Once it started expanding, the next set of guardrails was using pre-hooks through system settings. Now AI tools like Codex or Claude code could read code, write code, run tests, draft PRs but it cannot merge a PR. We use Claude at Kleene, and for guardrails we use inbuilt actions for Allow, Deny or Confirm. Here is a snippet of guardrail that runs as pre-hook and post-hook with every session.

Through these hooks, we control what an agent running locally can or cannot do. Like cannot delete files, cannot go to root directory, cannot look into specific log folders. There are deny/allow actions called from settings as pre and post hooks.

So this became a layered defense. Every time Claude tries to do something it's automatically loaded and applies these rules. .

6. Training and human governance

The other thing we added for preventing data exposure was through training and human governance. AI Usage policies were introduced, communication was sent out about using AI safely, that to be aware of data that is being fed to AI models like no PII data, or any sensitive data should be part of any prompt or have access to the data. At the end of the day, it is a system that sits on the internet and can be accessed, can be exploited. So having that security mindset within each employee, as part of a working data governance habit, helps further prevent data exposure and misleading outputs.

7. Anonymization and a strong contractual layer

From the agentic AI perspective, the guardrail we put in is that any PII data is obscured when viewing data. It runs through a local model which identifies it and takes it away. That helps prevent data loss, because we know now PII data is not leaving the environment.

There is also a strong contractual perspective, which is where data sovereignty and vendor lock-in matter. We use Vertex AI through Google, and Vertex claims they do not store data or use it to train their models or any other model. KAI currently uses Gemini, and since we have not enabled logging on Google Vertex, it doesn't store any client data passed through as part of a KAI session.

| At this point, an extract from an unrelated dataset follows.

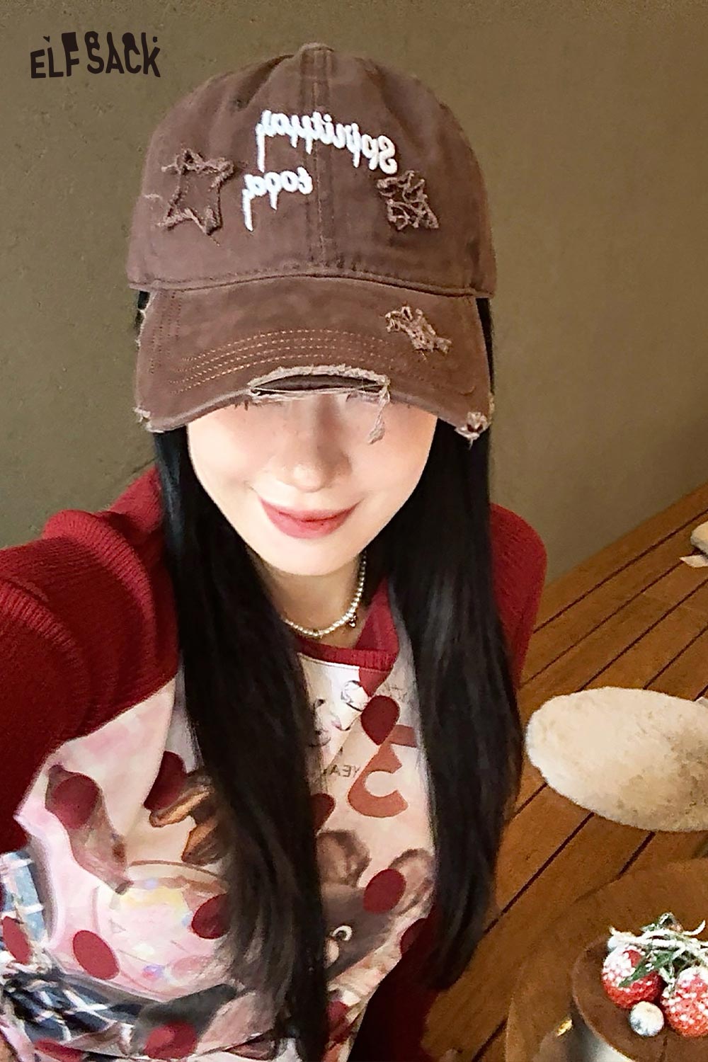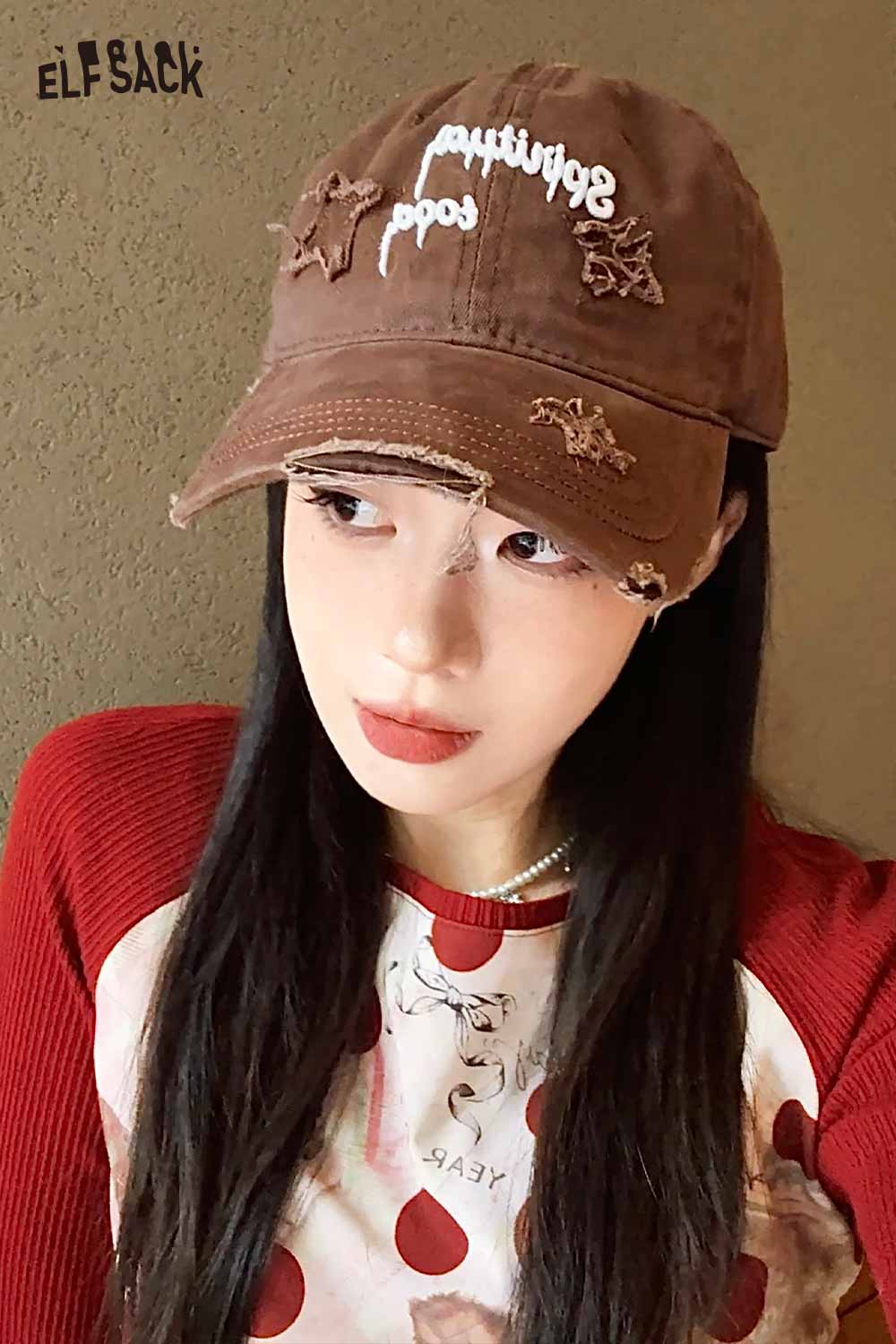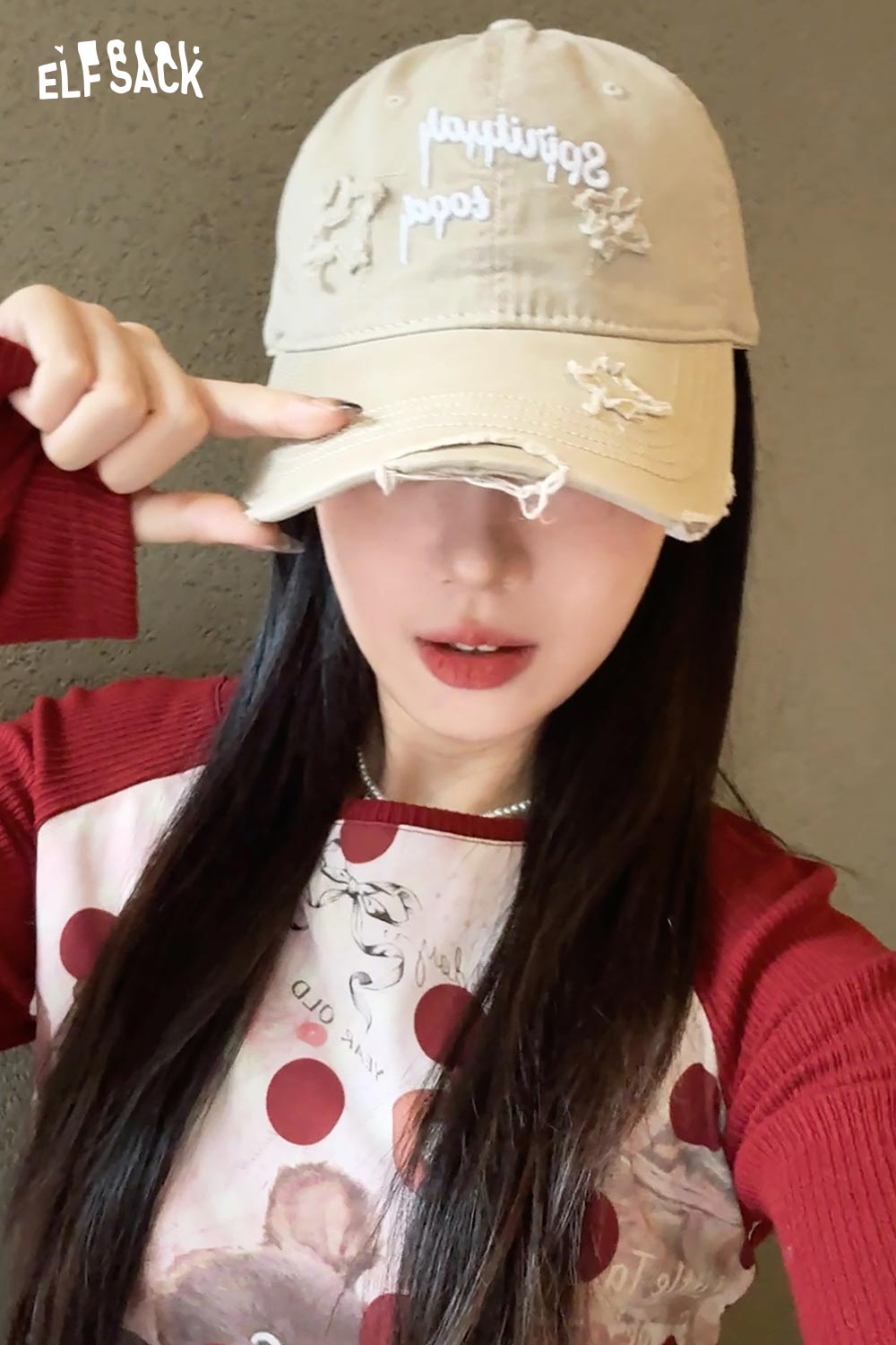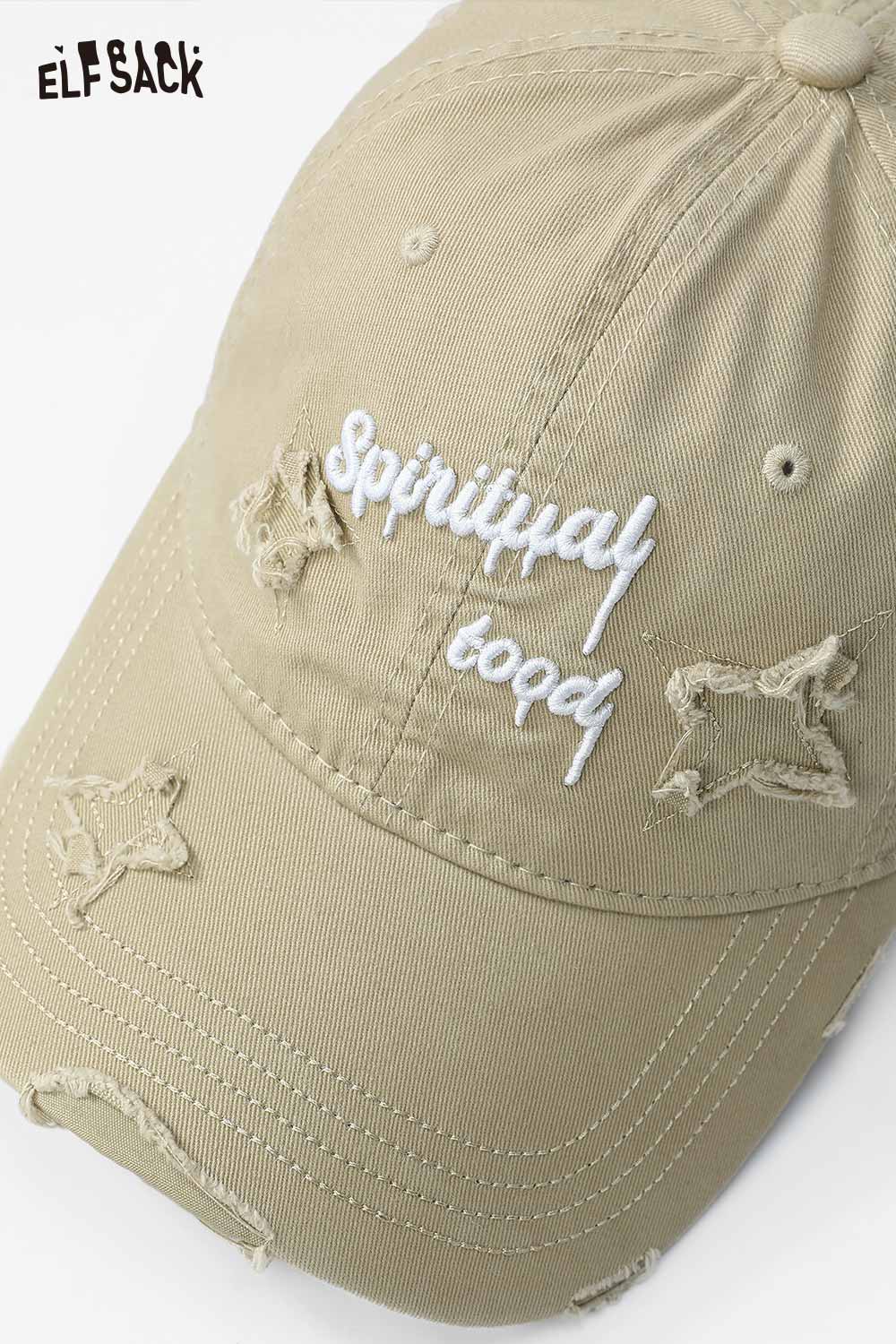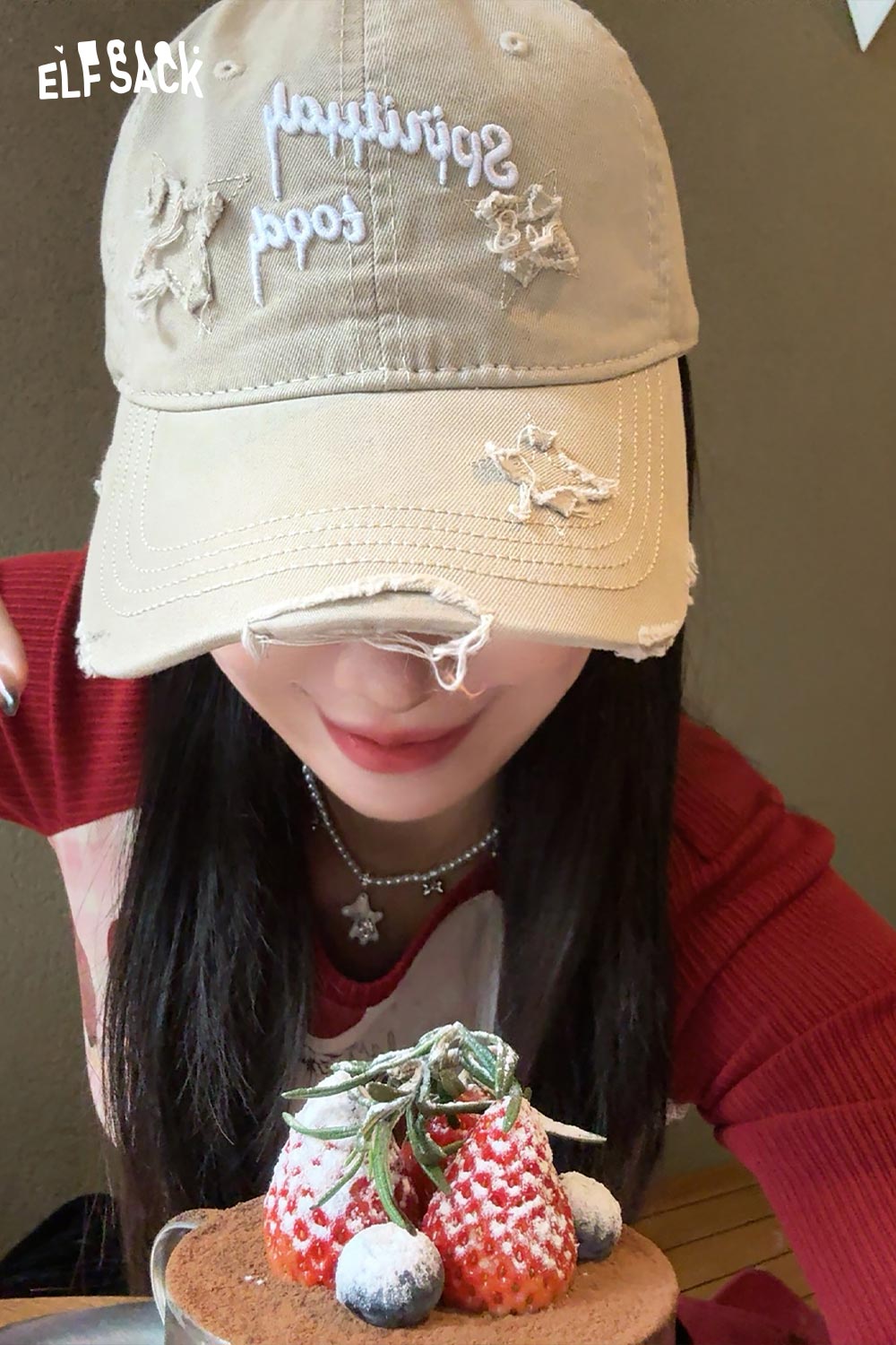 韓国風のダメージ加工を施した無地の文字刺繍が特徴の調節可能なベースボールキャップ

The one decision that sped up safe adoption

How 3 agents running in parallel speed up safe adoption of generative AI deployment

Talking about the one decision that sped up safe adoption: that was running three agents in parallel, in every single session.

We built a system of nine agents that includes a developer, an architect, a UI/UX and a few others. But the most important thing was that every agent ran with another two agents in parallel in every session: a security agent and a critic agent.

The security agent's responsibility was to look into OWASP Top 10 and identify any security vulnerabilities, as well as look into available OSVs and other data sources to identify any existing CVEs, and make sure the code - and the user working against it - is safe.

The critic is an interesting one, because the critic is quite flexible. The critic is something like human in loop: we introduce questions and challenges for things it does. For example, if an architect comes up with a connection to a database, the critic would ask: have you considered multi availability zones, have you considered read-write replicas, have you considered latencies? Along with that, the critic would also question security, to make sure the security agent has not missed anything. And that is really important.

We call it KAPI, Kleene AI Platform Intelligence. It's the same principle behind AI agent orchestration: the value isn't one clever agent, it's the agents that watch each other. I saw adoption increase in a few days, and it's all centralized, with logging enabled so we can catch deviations quickly.

For the wider business, security played a really big part too. The first thing was to identify the compliance around using Claude across the organization, followed by identifying use cases - making sure the ones we automate through agents are the ones we really need, where the business outcome is a tangible outcome. Not automating for the sake of it, adding agents and then spending more time maintaining them than their output is worth. Get that order right, and those seven guardrails plus the security-and-critic pairing are what turn careful experimentation into safe enterprise AI deployment.

I suggest get that order right, and those seven guardrails plus the security-and-critic pairing can turn careful experimentation into safe enterprise AI deployment.